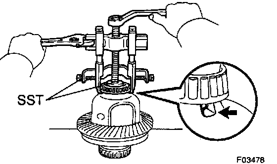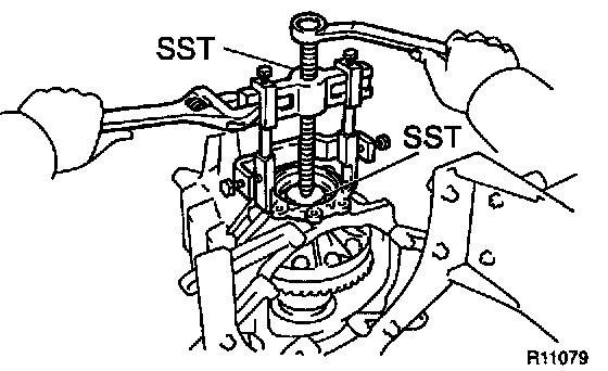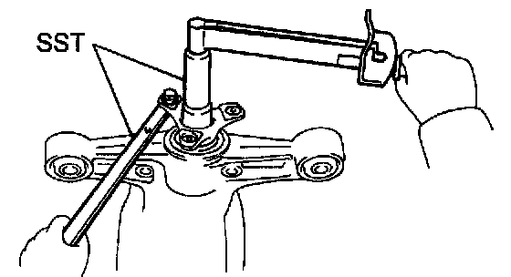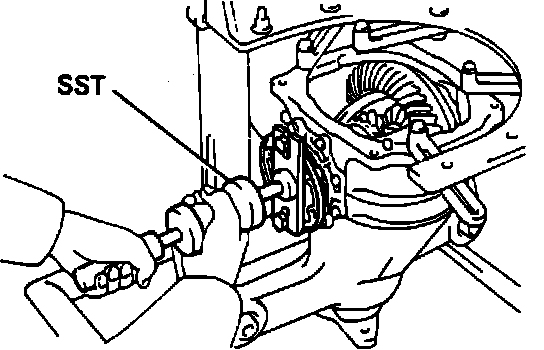 Using SST and a torque wrench, measure the preload of backlash between the drive pinion and ring gear.
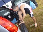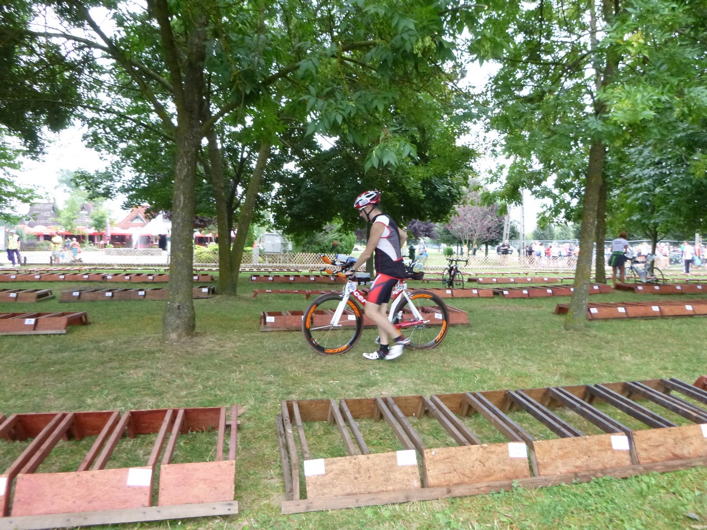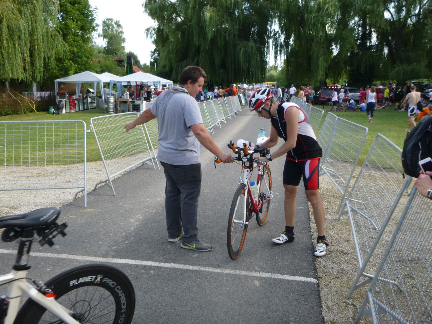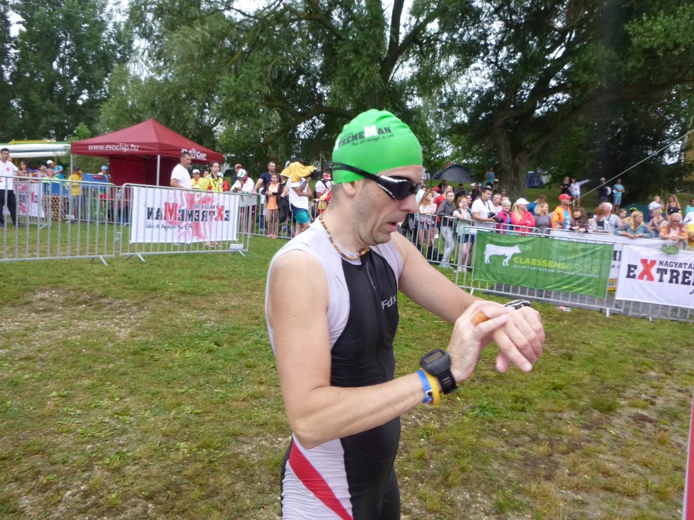 A sátorban ötöd-hatodmagammal öltözöm, többek közt Fröhlich Henrik és Bandi bácsi társaságában. Ők előbb kész vannak, én még szarakodok. Erre a depóra 10 percet szántam, és tudom hogy ez kelleni is fog. A vizes úszóruhát könnyű lecibálni, de nedves testre felszenvedni az aláöltöző mezt és a nadrágot nem annyira egyszerű. Megtörölközöm az erre az alkalomra kapott szerencse-törcsivel, de a levegő párás és hűvös, szóval még 10 percig törölközhetnék, a teljes szárazsághoz. Erre nincs idő, marad a nyögvenyelős öltözés. Azért idővel megvan, már csak zokni, cipő, sisak, szemüveg, és irány a bringa. Az úszócuccot a zsákba rakom, és kifelé menet bedobom a ládába.
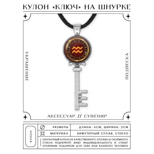 Кулон-амулет в виде ключа со знаком зодиака Водолей.
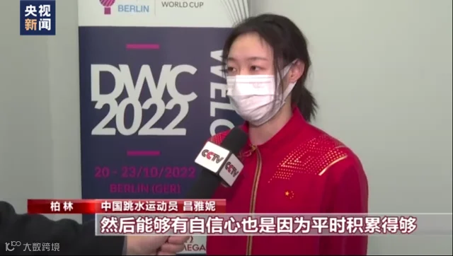 中国跳水运动员 昌雅妮:自信来自平时训练有非常多的积累,然后能够有自信心也是因为平时积累得够,所以应该给予自己一些肯定,然后也比较有勇气果断地去做这些动作。
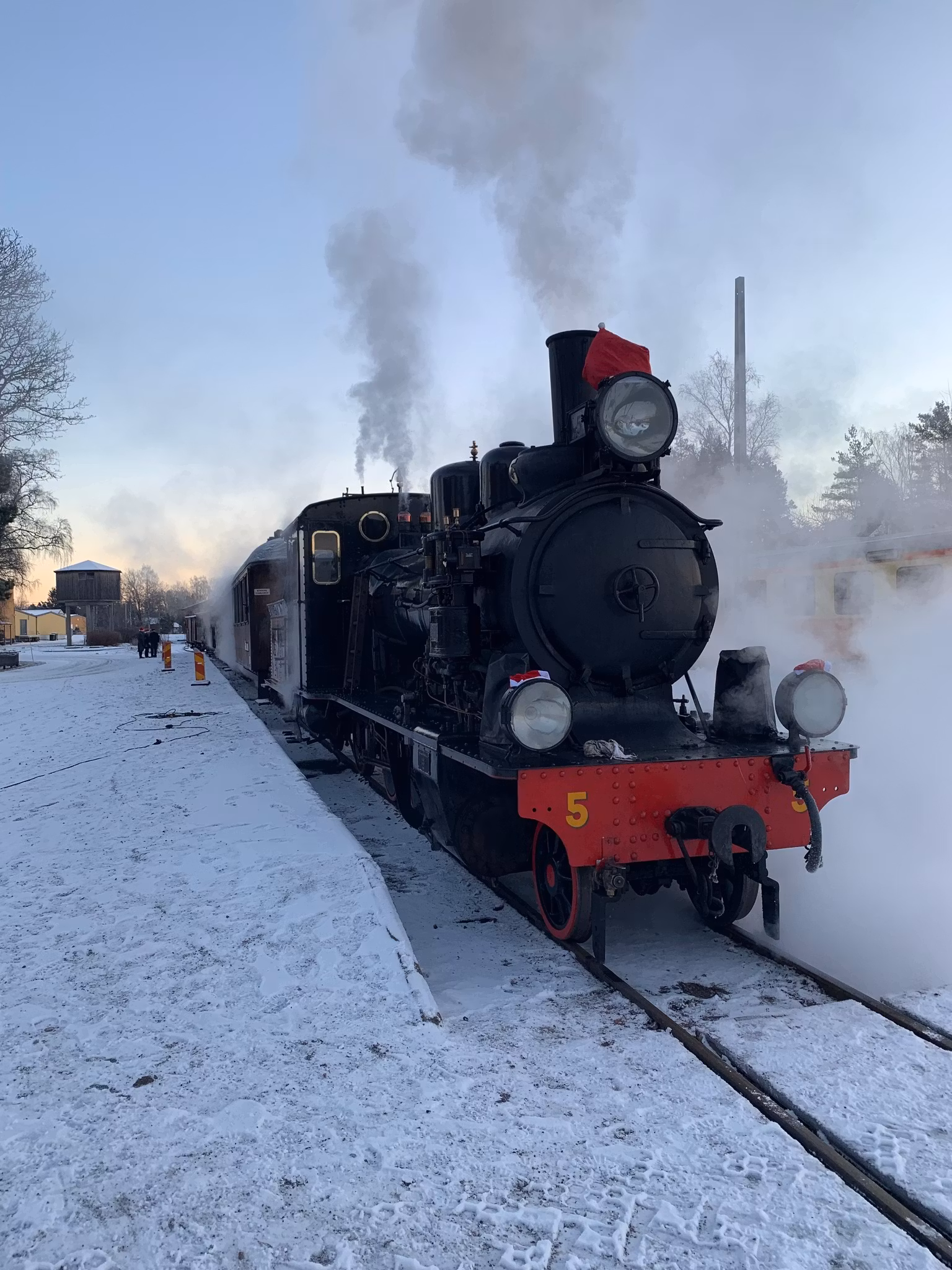 - En tur- och returresa mellan Faringe och Almunge med det mysigt julpyntade tomtetåget som dras av ånglok
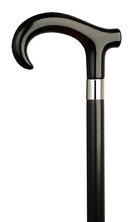 Men's Cane with derby hook shaped handle in simulated shell. Handle made of high impact durable nylon. Black maple shaft. 36" long with steel reinforced suction grip rubber tips.
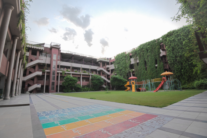 Our learning spaces keep evolving. Over the years, the pavements circling the school atrium have transformed into colourful showcases of knowledge — from the Periodic Table of Elements and geometric shapes to the UN’s structure, phases of the Moon, latitudes and longitudes, a fraction chart, and even a sweeping timeline of Delhi, India, and world history.

- [Your task] Once the pictures are set aside, the remaining data must be transcribed exactly.

- [Answer to this problem]
 Using SST and a torque wrench, measure the preload of backlash between the drive pinion and ring gear.
 A sátorban ötöd-hatodmagammal öltözöm, többek közt Fröhlich Henrik és Bandi bácsi társaságában. Ők előbb kész vannak, én még szarakodok. Erre a depóra 10 percet szántam, és tudom hogy ez kelleni is fog. A vizes úszóruhát könnyű lecibálni, de nedves testre felszenvedni az aláöltöző mezt és a nadrágot nem annyira egyszerű. Megtörölközöm az erre az alkalomra kapott szerencse-törcsivel, de a levegő párás és hűvös, szóval még 10 percig törölközhetnék, a teljes szárazsághoz. Erre nincs idő, marad a nyögvenyelős öltözés. Azért idővel megvan, már csak zokni, cipő, sisak, szemüveg, és irány a bringa. Az úszócuccot a zsákba rakom, és kifelé menet bedobom a ládába.
 Кулон-амулет в виде ключа со знаком зодиака Водолей.
 中国跳水运动员 昌雅妮:自信来自平时训练有非常多的积累,然后能够有自信心也是因为平时积累得够,所以应该给予自己一些肯定,然后也比较有勇气果断地去做这些动作。
 - En tur- och returresa mellan Faringe och Almunge med det mysigt julpyntade tomtetåget som dras av ånglok
 Men's Cane with derby hook shaped handle in simulated shell. Handle made of high impact durable nylon. Black maple shaft. 36" long with steel reinforced suction grip rubber tips.
 Our learning spaces keep evolving. Over the years, the pavements circling the school atrium have transformed into colourful showcases of knowledge — from the Periodic Table of Elements and geometric shapes to the UN’s structure, phases of the Moon, latitudes and longitudes, a fraction chart, and even a sweeping timeline of Delhi, India, and world history.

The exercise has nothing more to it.